_Your instructions_.
Lift out, unaltered, the lines of the material below between the line holding "Есть стоянка для" and the line holding "Закаленные кегостровцы преодолевали", counting both.

_Source records_.
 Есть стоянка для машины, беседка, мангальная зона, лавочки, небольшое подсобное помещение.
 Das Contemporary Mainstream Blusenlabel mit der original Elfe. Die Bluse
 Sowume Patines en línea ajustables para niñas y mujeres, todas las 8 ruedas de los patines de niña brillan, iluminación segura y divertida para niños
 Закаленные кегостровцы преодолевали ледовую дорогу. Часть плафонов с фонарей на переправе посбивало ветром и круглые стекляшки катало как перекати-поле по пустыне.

==

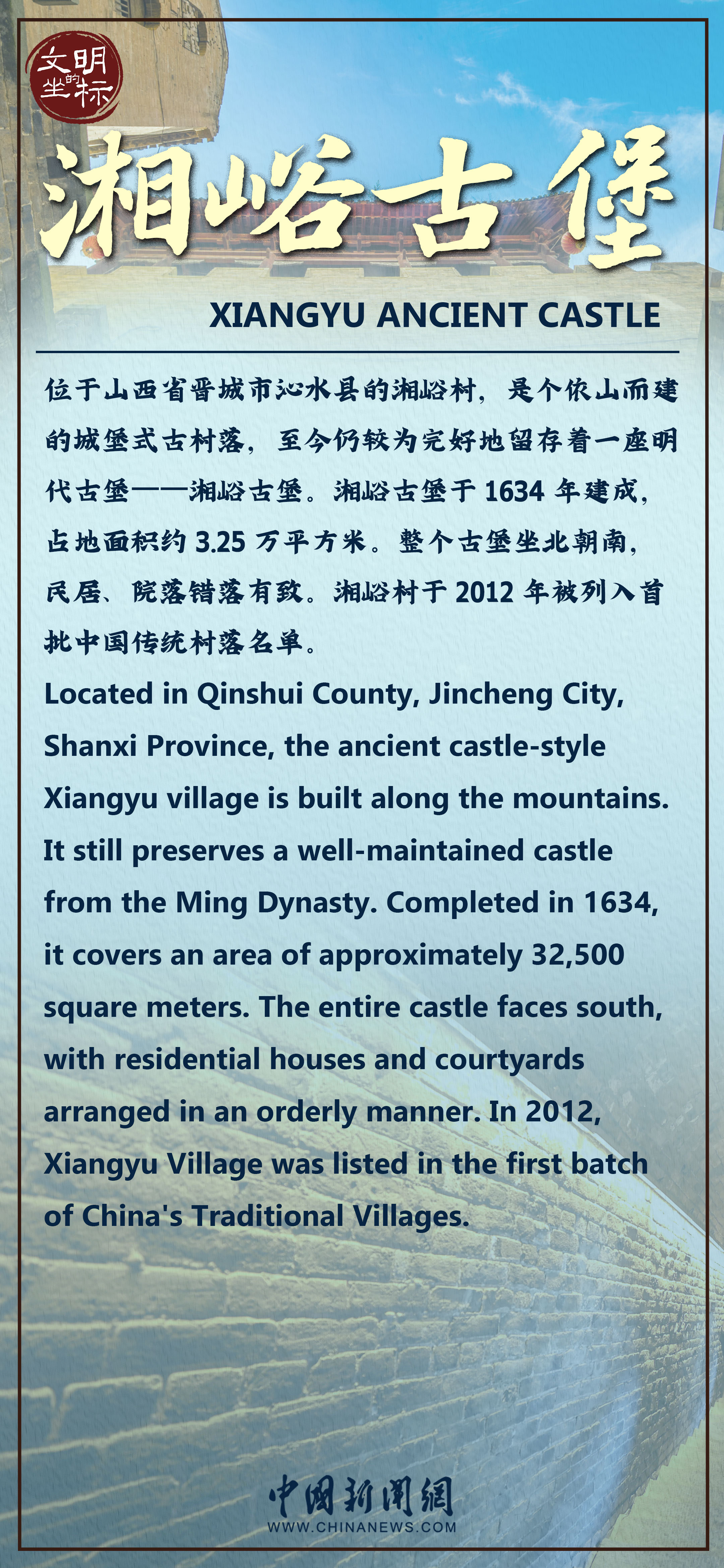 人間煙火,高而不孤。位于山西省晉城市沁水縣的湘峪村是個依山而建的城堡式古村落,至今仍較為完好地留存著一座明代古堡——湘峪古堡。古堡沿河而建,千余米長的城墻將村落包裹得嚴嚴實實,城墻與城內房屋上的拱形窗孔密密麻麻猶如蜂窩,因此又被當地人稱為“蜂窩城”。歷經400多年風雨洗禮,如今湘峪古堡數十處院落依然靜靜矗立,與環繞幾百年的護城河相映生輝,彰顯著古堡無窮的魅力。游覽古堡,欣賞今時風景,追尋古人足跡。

---

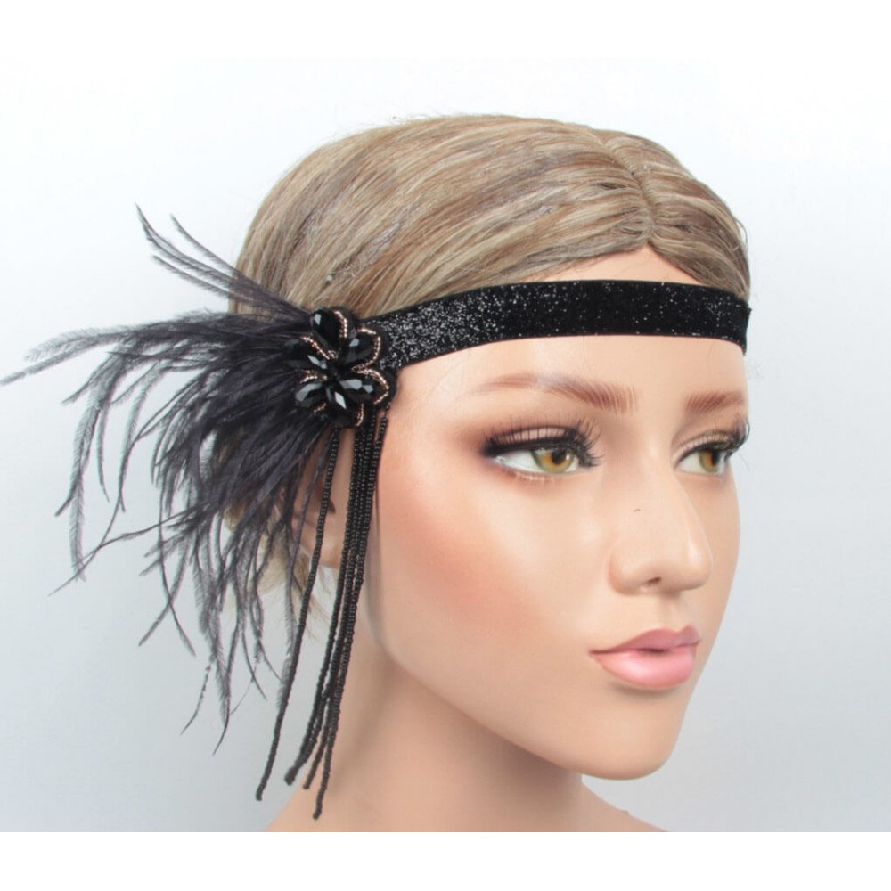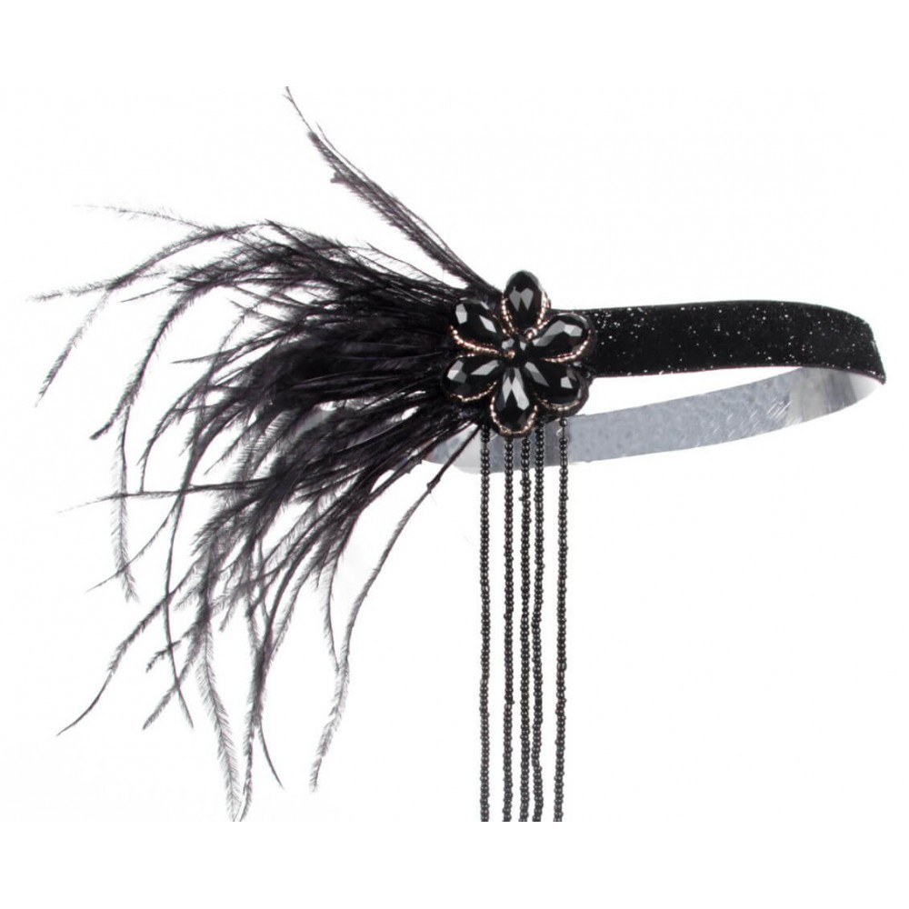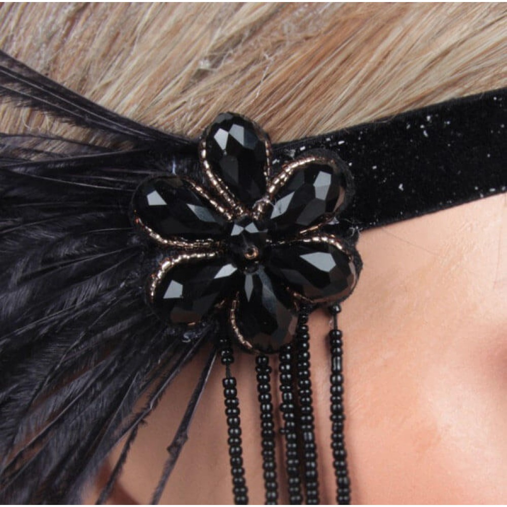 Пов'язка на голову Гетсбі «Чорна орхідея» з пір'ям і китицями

_Result_.
 Есть стоянка для машины, беседка, мангальная зона, лавочки, небольшое подсобное помещение.
 Das Contemporary Mainstream Blusenlabel mit der original Elfe. Die Bluse
 Sowume Patines en línea ajustables para niñas y mujeres, todas las 8 ruedas de los patines de niña brillan, iluminación segura y divertida para niños
 Закаленные кегостровцы преодолевали ледовую дорогу. Часть плафонов с фонарей на переправе посбивало ветром и круглые стекляшки катало как перекати-поле по пустыне.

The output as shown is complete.